“Right to health in adolescence: the costs of failing are too high” – UN expert warns
GENEVA (15 June 2016) – The United Nations Special Rapporteur on the right to health, Dainius Pūras, today called on States “to remove all legal barriers to access health facilities, goods and services that interfere with the rights of adolescents to be heard and to be taken seriously and that, ultimately, limit their right to make autonomous decisions.”
“Governments must strike a balance between adolescents’ emerging autonomy and their right to protection in particular when it comes to mental health, the rights to sexual and reproductive health, and substance use and drug control, given the specific challenges these issues pose,” the expert said after the presentation of his latest report* to the UN Human Rights Council.
“The foundations laid down during adolescence have profound implications for the social, economic and political development of society as a whole. Hence, the costs of failing adolescents are simply too high,” Mr. Pūras emphasised.
In his report, the human rights expert highlights that healthcare services should ensure respect for adolescents’ rights to privacy and confidentiality, address their different cultural needs and expectations, and comply with ethical standards.
“This is particularly important when it comes to providing mental health services for adolescents,” he said. “Psychosocial interventions should be provided at the community level in a manner that is ethical and consistent with adolescents’ rights, and on the basis of available evidence, with a view to avoid institutionalization and the excessive use of psychotropic medications.”
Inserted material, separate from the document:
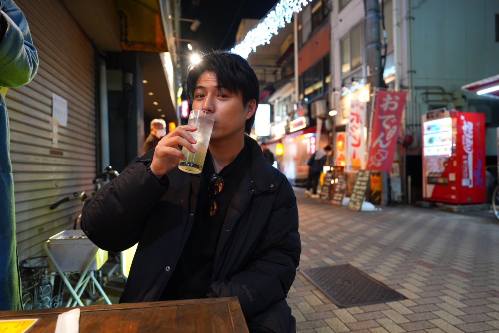 玉宮には「花串庵」が何軒もあり、チェーン店ですが、それぞれ少しずつ雰囲気が異なります。おでんの味はどの店舗も同じで、どこも美味しいので、1軒目におすすめです。

Moreover, “States should adopt or integrate a comprehensive sexual and reproductive health policy for all adolescents into national strategies and programmes to ensure universal access to sexual and reproductive health-care services,” the expert said. In that regard, he makes a number of recommendations in his report, among them:
:: Abortion should not be criminalized, as this only leads to higher number of maternal deaths, and poor mental and physical health outcomes.
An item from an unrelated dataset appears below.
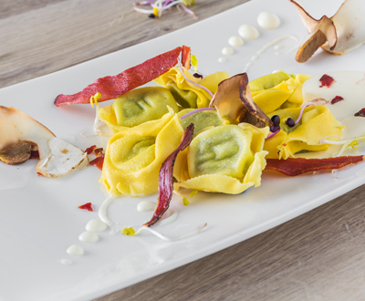 Melt the stracchino in a bain-marie. Place a glass dish over a saucepan full of hot water and turn from time to time for the stracchino to melt completely. Cut the speck into strips and keep aside. Pour the stracchino and speck in a pan and cook for two minutes. Do not add salt because the speck releases a lot of salt.

:: All adolescents should have access to confidential, adolescent-responsive and non-discriminatory sexual and reproductive health information, services and goods.
:: Age-appropriate, comprehensive and inclusive sexuality education, based on scientific evidence and human rights, should be part of the school curriculum.
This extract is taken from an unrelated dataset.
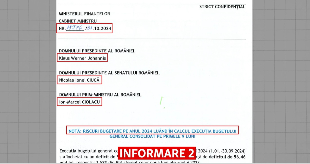 Intitulat „Riscuri bugetare pe anul 2024 luând în calcul execuția bugetului general consolidat pe primele 9 luni” – documentul semnat de ministrul de Finanțe Marcel Boloș, secretarii de stat Alin Andrieș și Dana Pescaru, precum și de șefa ANAF, Nicoleta Mioara Cârciumaru, atrăgea atenția că finanțele României sunt în picaj.

The Special Rapporteur also called on States to seek alternatives to punitive or repressive drug control policies, including decriminalization and legal regulation and control, and foster the international debate on these issues with the right to health at the core. “All drug detention centres for adolescents should be closed, and the provision of prevention, harm reduction and dependence treatment services, without discrimination, should be ensured,” he said.
The expert noted that adolescents should be protected from violence and neglect, including in family settings, by the upholding of their right to confidential services and counselling without parental consent. He also called on States to support families to increase the abilities of parents to raise children and adolescents in a competent and confident manner, and reinforce skills to manage situations in a non-violent way.
“Policies designed to protect families and family values should avoid measures that undermine the human rights of individual family members, including women, adolescents and younger children,” he said.
“Such approaches can be detrimental as they may, in the name of traditional values, condone violence, reinforce unequal power relations within family settings and, therefore, deprive adolescents from the opportunity to exercise their basic rights,” Mr. Puras explained.
The Special Rapporteur urged States to meet their core obligation to recognize adolescents as rights holders by respecting their evolving capacities and their right to participate in the design, delivery and evaluation of policies and services that affect their health and well-being.